*** Block opens ***

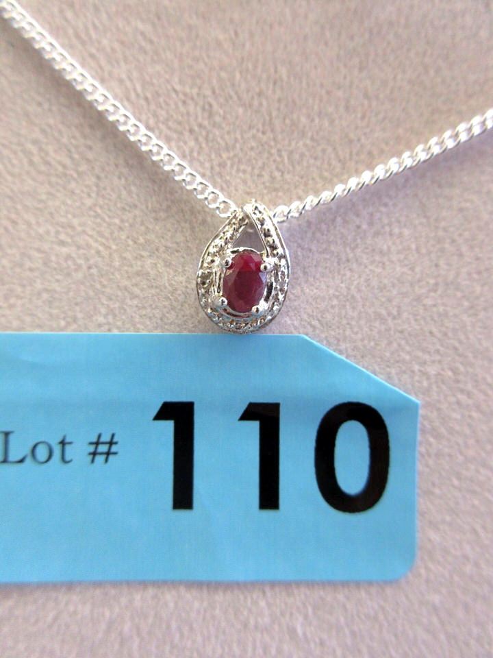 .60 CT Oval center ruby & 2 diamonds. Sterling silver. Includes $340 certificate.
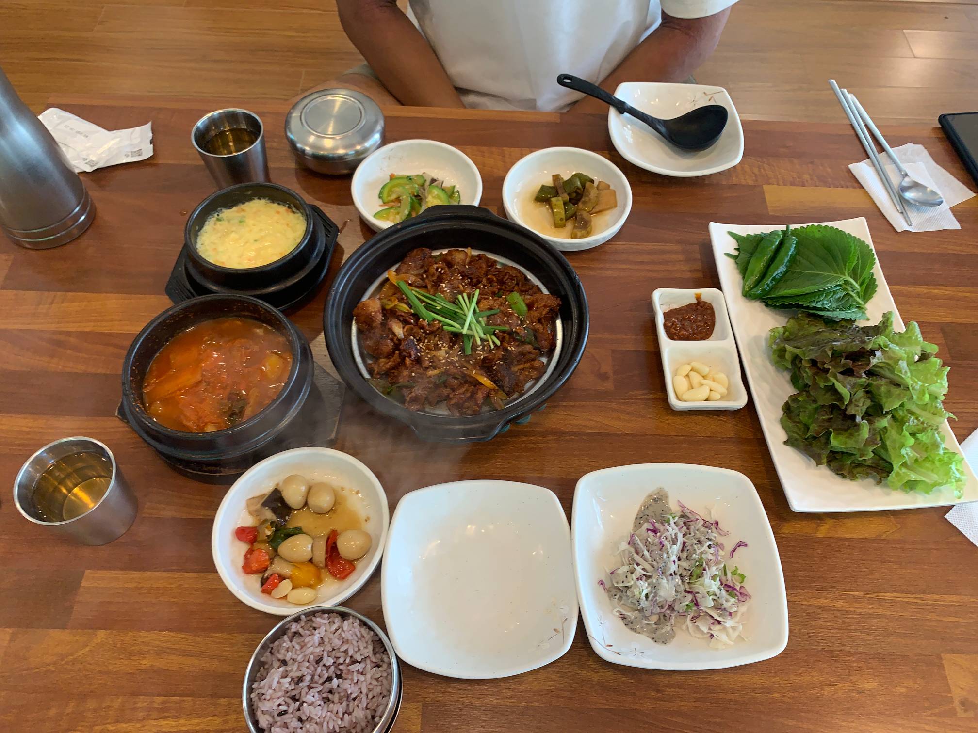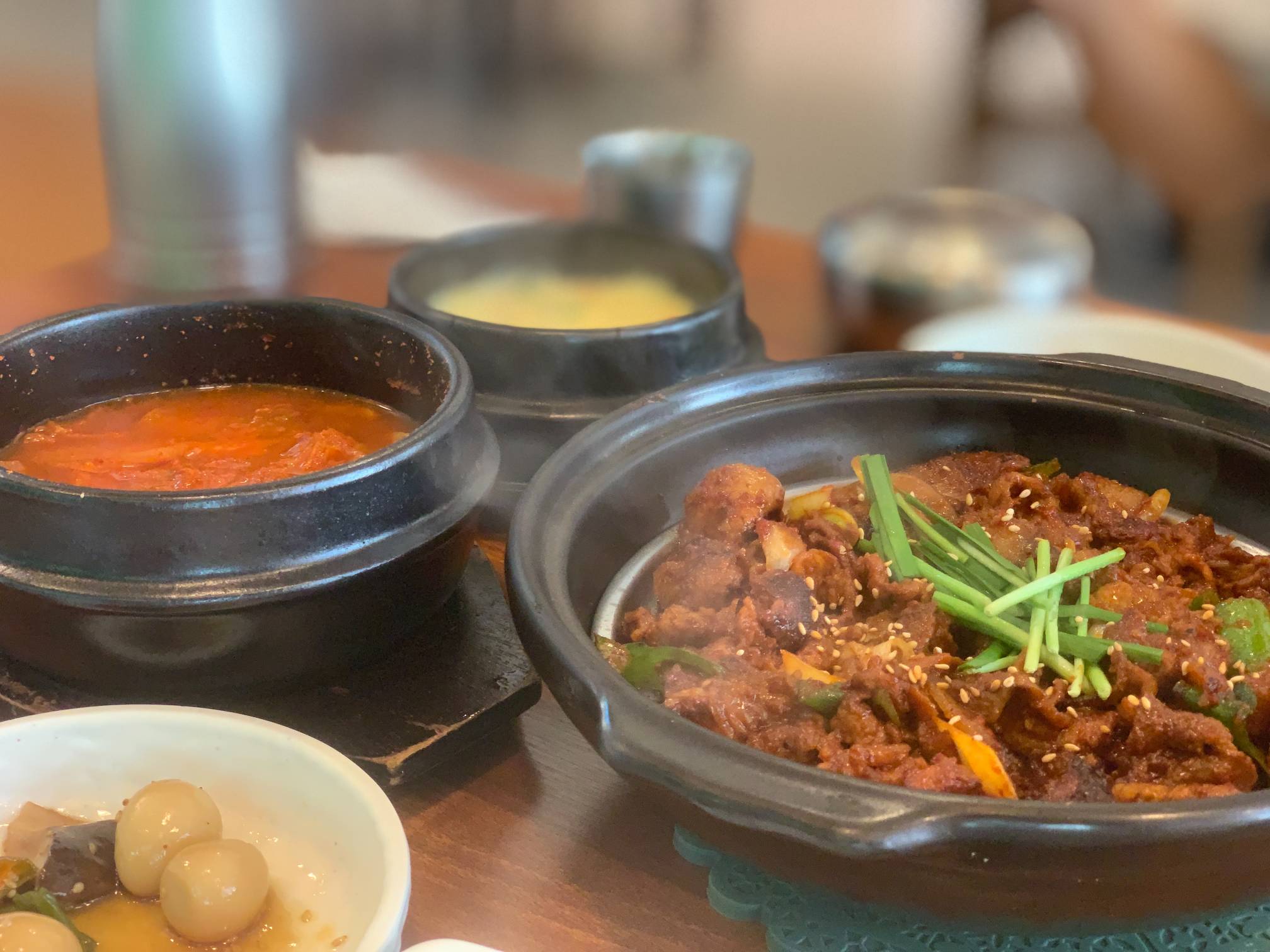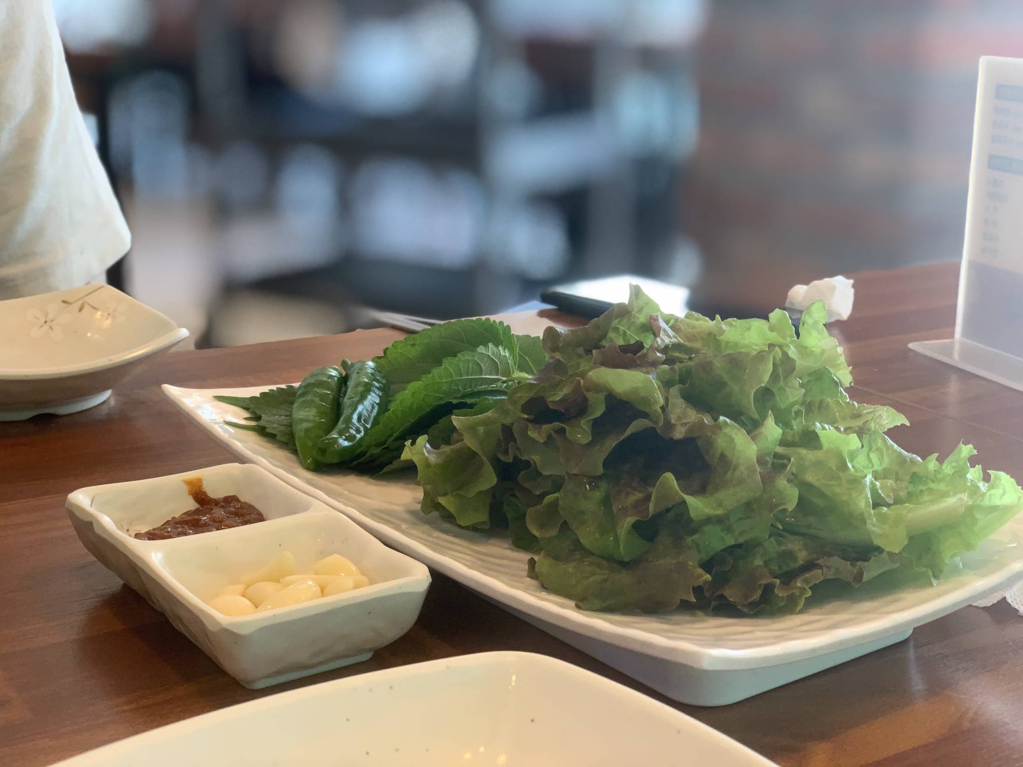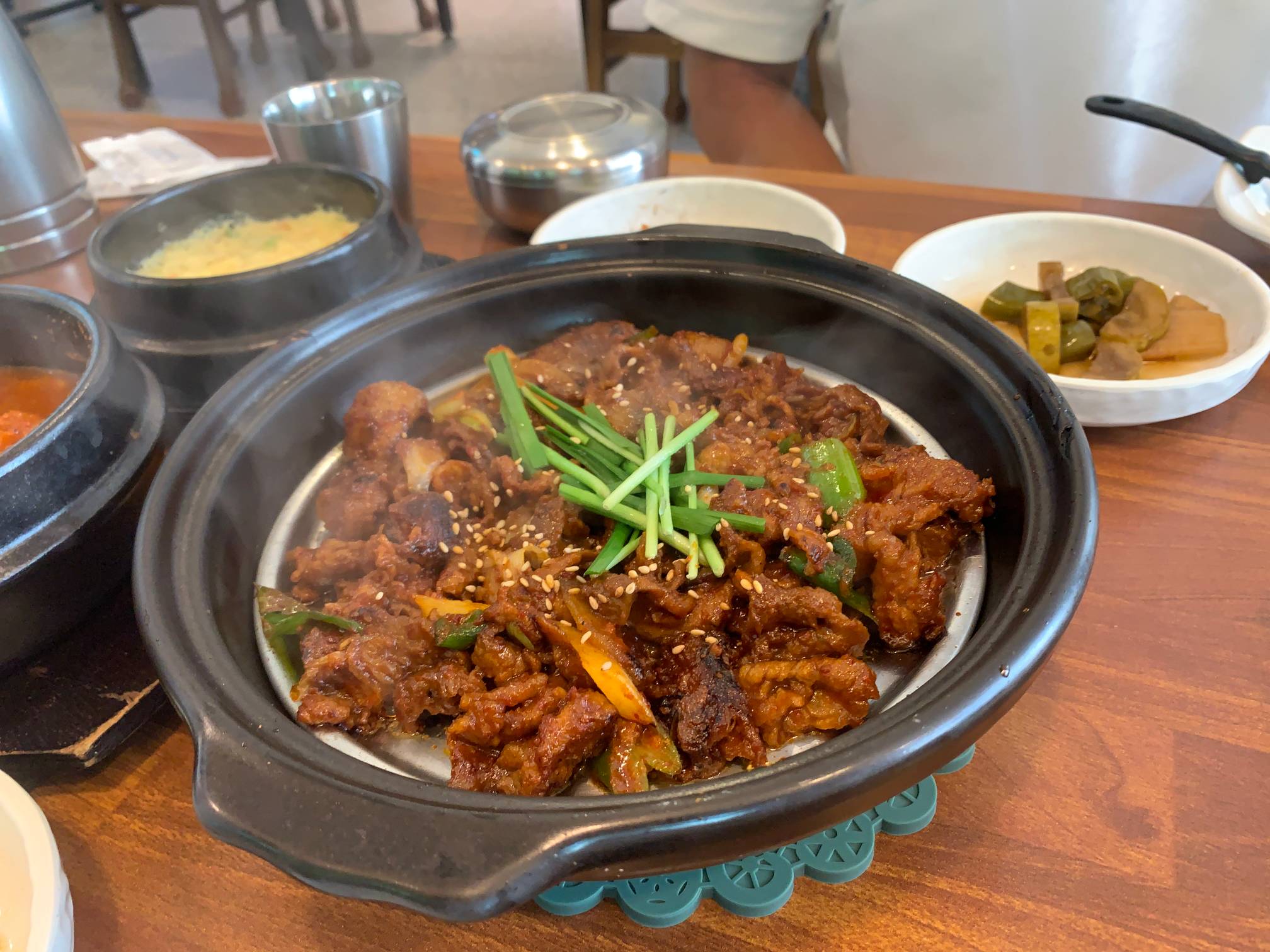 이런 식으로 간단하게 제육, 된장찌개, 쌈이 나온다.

*** Block closes ***
*** Block opens ***

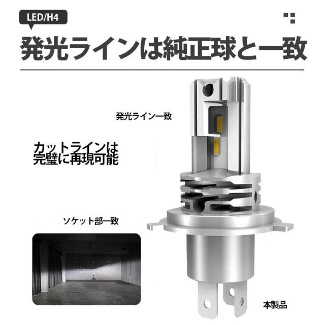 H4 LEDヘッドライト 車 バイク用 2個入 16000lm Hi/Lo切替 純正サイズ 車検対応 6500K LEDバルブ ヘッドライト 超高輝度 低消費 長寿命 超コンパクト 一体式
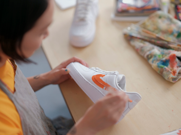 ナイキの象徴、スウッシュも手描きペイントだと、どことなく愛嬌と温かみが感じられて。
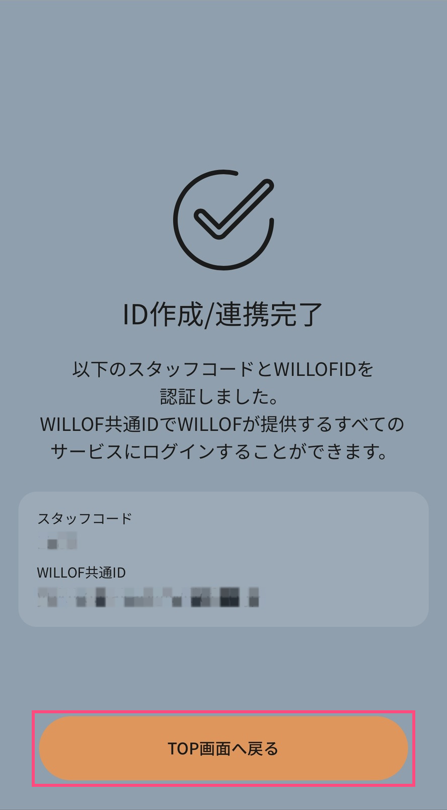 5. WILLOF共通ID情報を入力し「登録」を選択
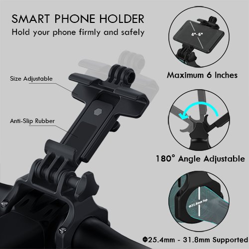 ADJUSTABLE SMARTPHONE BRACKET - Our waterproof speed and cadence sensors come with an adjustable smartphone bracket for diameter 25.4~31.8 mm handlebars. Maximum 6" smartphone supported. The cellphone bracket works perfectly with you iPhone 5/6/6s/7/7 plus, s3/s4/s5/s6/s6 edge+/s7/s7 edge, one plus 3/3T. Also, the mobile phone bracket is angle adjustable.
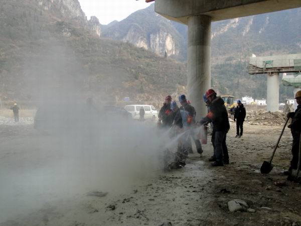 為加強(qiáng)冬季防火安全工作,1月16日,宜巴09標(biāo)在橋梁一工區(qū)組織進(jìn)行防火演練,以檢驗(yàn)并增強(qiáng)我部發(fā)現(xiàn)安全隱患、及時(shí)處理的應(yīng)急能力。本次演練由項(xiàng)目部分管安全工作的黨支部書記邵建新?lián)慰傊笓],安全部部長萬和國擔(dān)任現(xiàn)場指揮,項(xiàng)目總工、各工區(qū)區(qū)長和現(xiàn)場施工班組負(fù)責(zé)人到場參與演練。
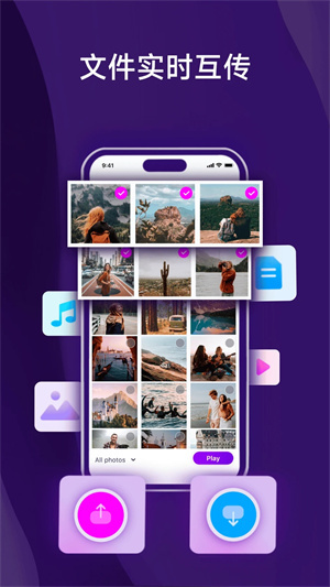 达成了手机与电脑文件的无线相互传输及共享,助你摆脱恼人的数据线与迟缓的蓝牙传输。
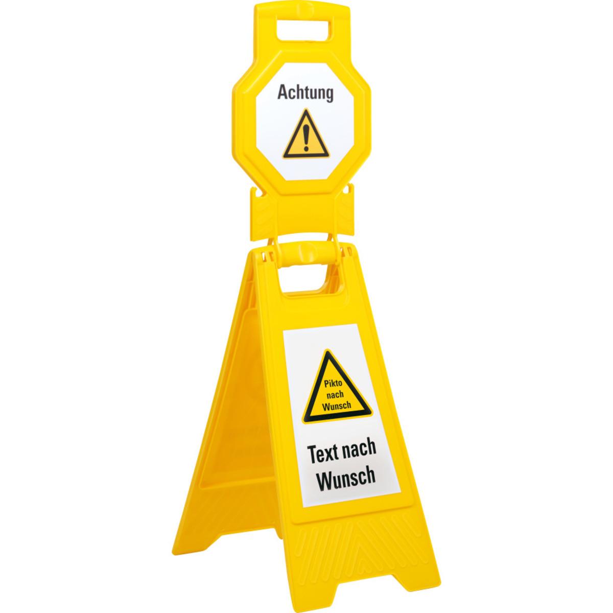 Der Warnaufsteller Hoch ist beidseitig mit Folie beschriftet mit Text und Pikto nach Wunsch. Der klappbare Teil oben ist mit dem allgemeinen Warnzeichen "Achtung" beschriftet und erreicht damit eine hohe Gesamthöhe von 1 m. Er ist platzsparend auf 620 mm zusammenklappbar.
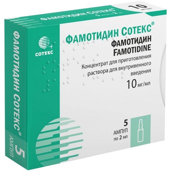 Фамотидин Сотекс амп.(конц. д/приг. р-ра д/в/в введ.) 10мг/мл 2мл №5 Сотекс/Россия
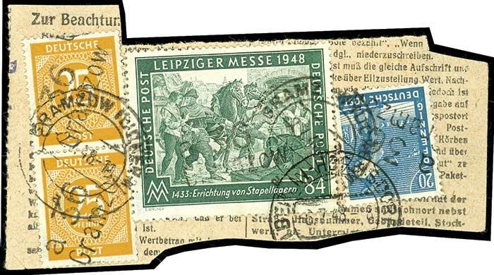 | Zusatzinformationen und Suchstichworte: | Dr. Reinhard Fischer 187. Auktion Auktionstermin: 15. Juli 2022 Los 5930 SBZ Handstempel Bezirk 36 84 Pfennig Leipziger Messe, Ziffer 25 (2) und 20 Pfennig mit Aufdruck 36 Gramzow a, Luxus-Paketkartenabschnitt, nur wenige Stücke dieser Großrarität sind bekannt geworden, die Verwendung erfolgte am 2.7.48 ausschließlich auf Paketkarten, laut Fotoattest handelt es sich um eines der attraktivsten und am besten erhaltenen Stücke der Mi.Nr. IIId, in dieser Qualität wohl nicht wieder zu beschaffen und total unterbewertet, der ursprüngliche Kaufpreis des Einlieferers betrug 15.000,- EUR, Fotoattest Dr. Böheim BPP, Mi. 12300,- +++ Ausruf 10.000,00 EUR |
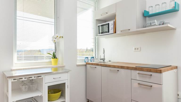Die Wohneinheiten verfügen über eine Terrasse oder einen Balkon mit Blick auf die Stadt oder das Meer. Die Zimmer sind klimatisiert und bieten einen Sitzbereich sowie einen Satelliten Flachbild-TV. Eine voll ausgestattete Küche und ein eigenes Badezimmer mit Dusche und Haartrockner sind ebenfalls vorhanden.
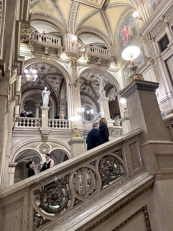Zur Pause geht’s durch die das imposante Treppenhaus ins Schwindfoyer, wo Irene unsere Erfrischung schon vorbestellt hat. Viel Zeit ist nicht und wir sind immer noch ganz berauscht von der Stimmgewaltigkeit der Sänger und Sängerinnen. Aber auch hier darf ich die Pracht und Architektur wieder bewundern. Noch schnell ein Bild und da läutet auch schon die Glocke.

*** Block closes ***
*** Block opens ***

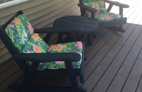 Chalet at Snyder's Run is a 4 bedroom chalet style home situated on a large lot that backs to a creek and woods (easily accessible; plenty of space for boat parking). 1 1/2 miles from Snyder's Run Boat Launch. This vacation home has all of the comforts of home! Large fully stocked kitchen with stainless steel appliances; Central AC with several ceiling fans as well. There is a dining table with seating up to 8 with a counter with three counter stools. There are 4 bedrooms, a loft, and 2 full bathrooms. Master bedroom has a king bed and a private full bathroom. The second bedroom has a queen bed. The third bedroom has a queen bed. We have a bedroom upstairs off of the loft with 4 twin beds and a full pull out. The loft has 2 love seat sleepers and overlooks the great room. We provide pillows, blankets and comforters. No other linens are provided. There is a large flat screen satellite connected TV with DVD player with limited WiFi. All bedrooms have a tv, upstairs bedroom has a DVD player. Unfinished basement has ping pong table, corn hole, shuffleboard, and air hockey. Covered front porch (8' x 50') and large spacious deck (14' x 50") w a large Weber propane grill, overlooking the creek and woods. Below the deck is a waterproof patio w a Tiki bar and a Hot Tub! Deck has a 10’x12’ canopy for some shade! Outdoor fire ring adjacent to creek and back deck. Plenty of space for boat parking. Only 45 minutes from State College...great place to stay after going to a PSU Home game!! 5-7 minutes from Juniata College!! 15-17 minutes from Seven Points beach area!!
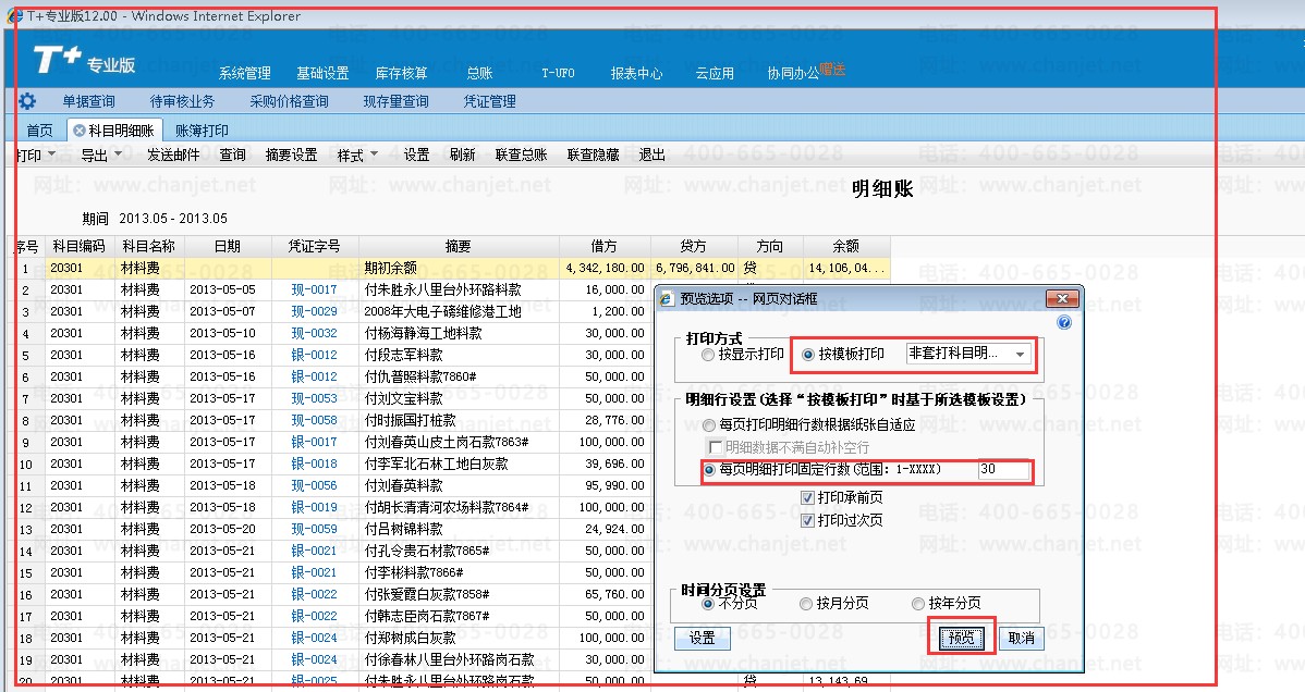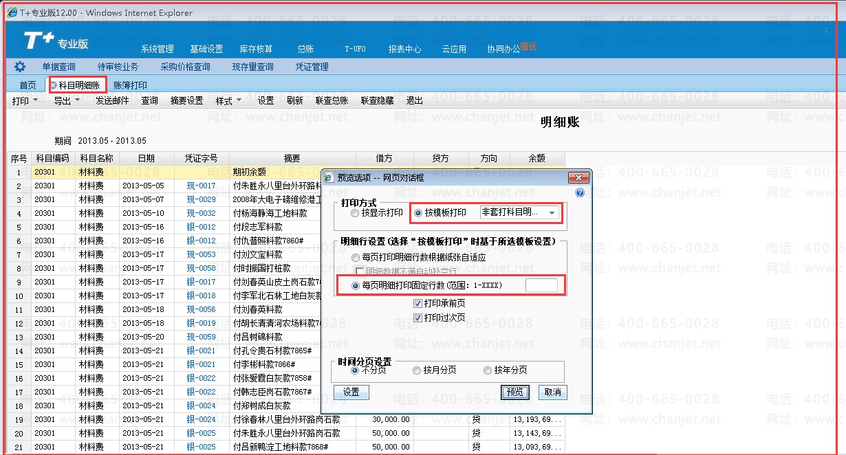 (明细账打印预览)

*** Block closes ***

- ACTIVITY -
For this exercise, return exactly the lines above from the line with "ナイキの象徴、スウッシュも手" through the line with "Фамотидин Сотекс амп.(конц.", both included. Do not copy the pictures.

- ANSWER BOX -
 ナイキの象徴、スウッシュも手描きペイントだと、どことなく愛嬌と温かみが感じられて。
 5. WILLOF共通ID情報を入力し「登録」を選択
 ADJUSTABLE SMARTPHONE BRACKET - Our waterproof speed and cadence sensors come with an adjustable smartphone bracket for diameter 25.4~31.8 mm handlebars. Maximum 6" smartphone supported. The cellphone bracket works perfectly with you iPhone 5/6/6s/7/7 plus, s3/s4/s5/s6/s6 edge+/s7/s7 edge, one plus 3/3T. Also, the mobile phone bracket is angle adjustable.
 為加強(qiáng)冬季防火安全工作,1月16日,宜巴09標(biāo)在橋梁一工區(qū)組織進(jìn)行防火演練,以檢驗(yàn)并增強(qiáng)我部發(fā)現(xiàn)安全隱患、及時(shí)處理的應(yīng)急能力。本次演練由項(xiàng)目部分管安全工作的黨支部書記邵建新?lián)慰傊笓],安全部部長萬和國擔(dān)任現(xiàn)場指揮,項(xiàng)目總工、各工區(qū)區(qū)長和現(xiàn)場施工班組負(fù)責(zé)人到場參與演練。
 达成了手机与电脑文件的无线相互传输及共享,助你摆脱恼人的数据线与迟缓的蓝牙传输。
 Der Warnaufsteller Hoch ist beidseitig mit Folie beschriftet mit Text und Pikto nach Wunsch. Der klappbare Teil oben ist mit dem allgemeinen Warnzeichen "Achtung" beschriftet und erreicht damit eine hohe Gesamthöhe von 1 m. Er ist platzsparend auf 620 mm zusammenklappbar.
 Фамотидин Сотекс амп.(конц. д/приг. р-ра д/в/в введ.) 10мг/мл 2мл №5 Сотекс/Россия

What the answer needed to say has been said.